» Information shown:
——————————
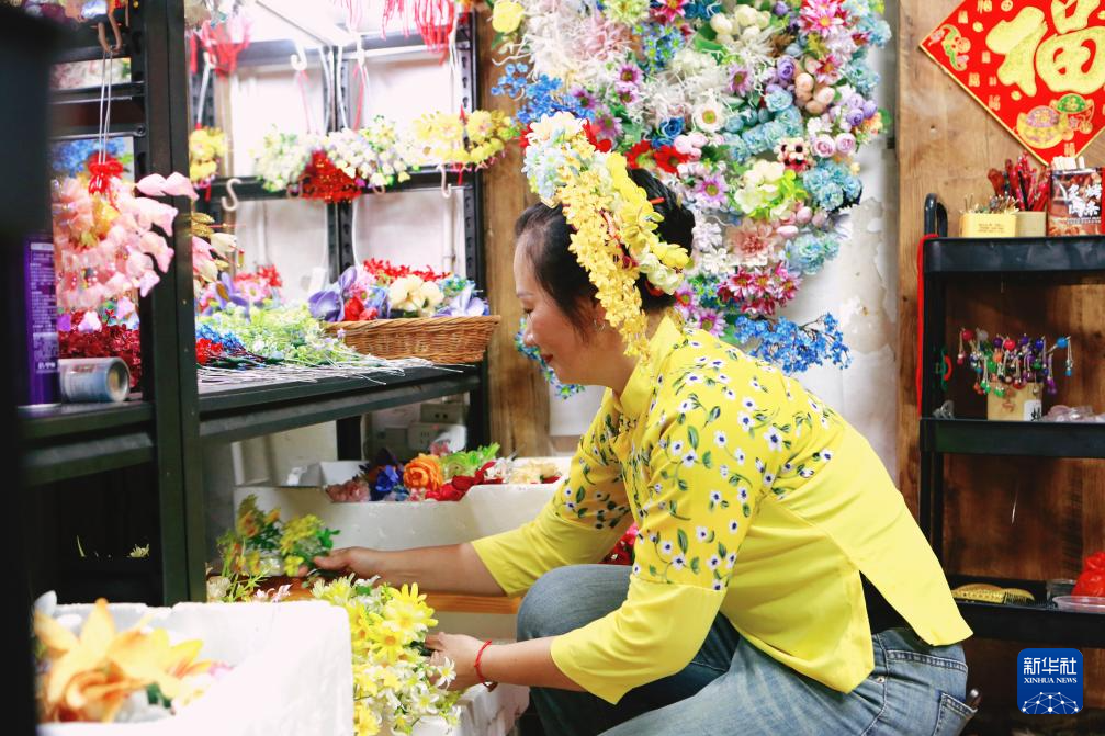 蟳埔村位于福建省泉州湾晋江入海口,蟳埔女簪发戴花的古老民俗被称为“簪花围”。2008年,以“簪花围”为代表的蟳埔女习俗被列入第二批国家级非遗名录。近年来,随着网络上“簪花围”的出圈,各地游客慕名前来体验,带火了当地文旅产业。蟳埔村抓住机遇,积极带动当地妇女学习簪花技艺,实现“家门口”就业增收。
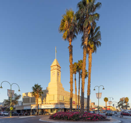 MILDURA, AUSTRALIA - MAY, 18, 2021: sunset shot of the historic t and g building in the city of mildura
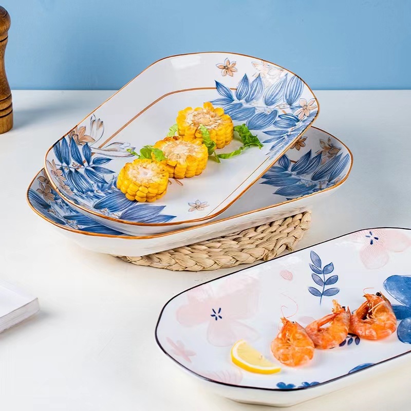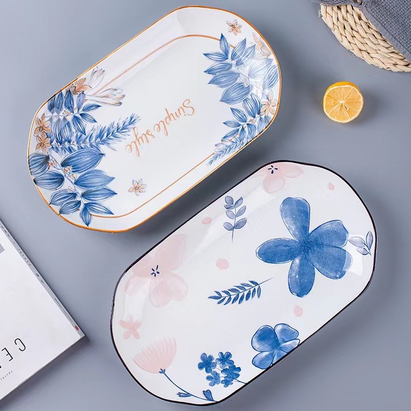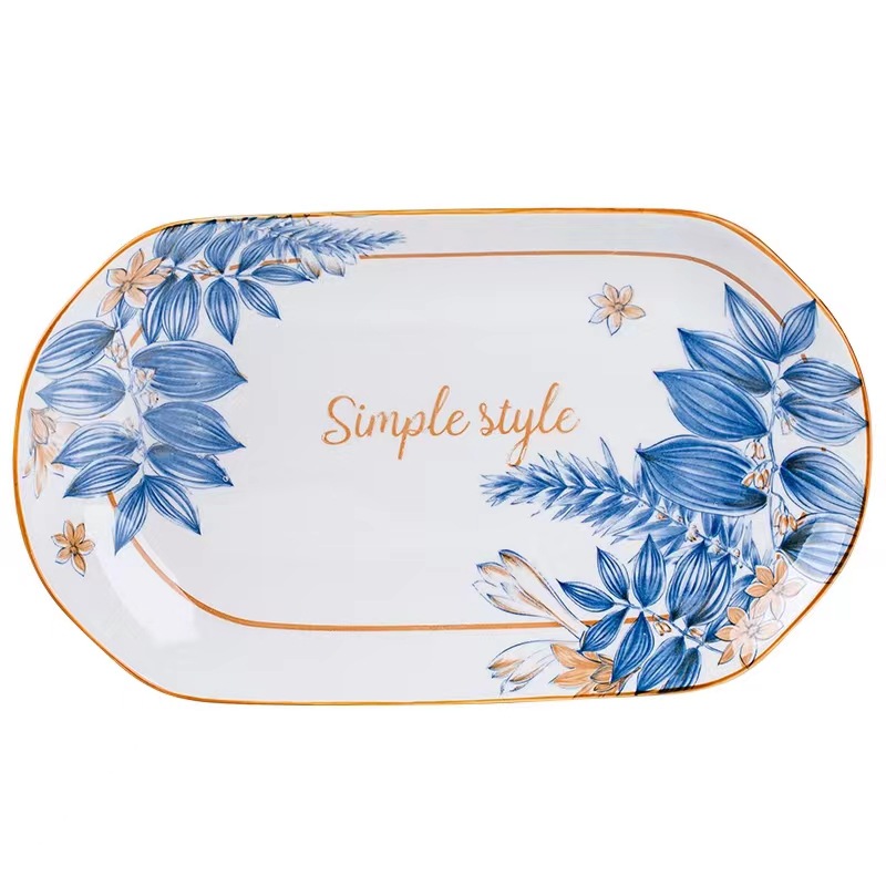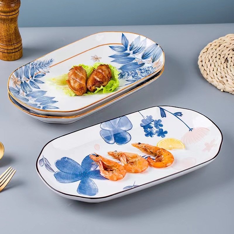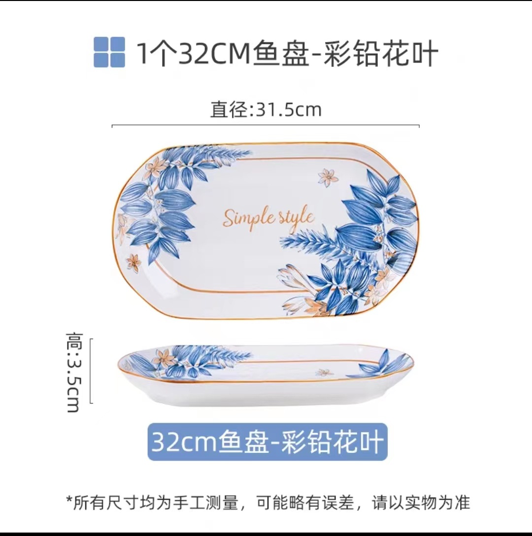 32cm长方鱼盘陶瓷蒸烤鱼盘子青花餐具菜碟寿司盘
——————————
» What the exercise asks: Repeat the whole listing above word for word, but keep any picture out of it.

» Answer for the task:
 蟳埔村位于福建省泉州湾晋江入海口,蟳埔女簪发戴花的古老民俗被称为“簪花围”。2008年,以“簪花围”为代表的蟳埔女习俗被列入第二批国家级非遗名录。近年来,随着网络上“簪花围”的出圈,各地游客慕名前来体验,带火了当地文旅产业。蟳埔村抓住机遇,积极带动当地妇女学习簪花技艺,实现“家门口”就业增收。
 MILDURA, AUSTRALIA - MAY, 18, 2021: sunset shot of the historic t and g building in the city of mildura
 32cm长方鱼盘陶瓷蒸烤鱼盘子青花餐具菜碟寿司盘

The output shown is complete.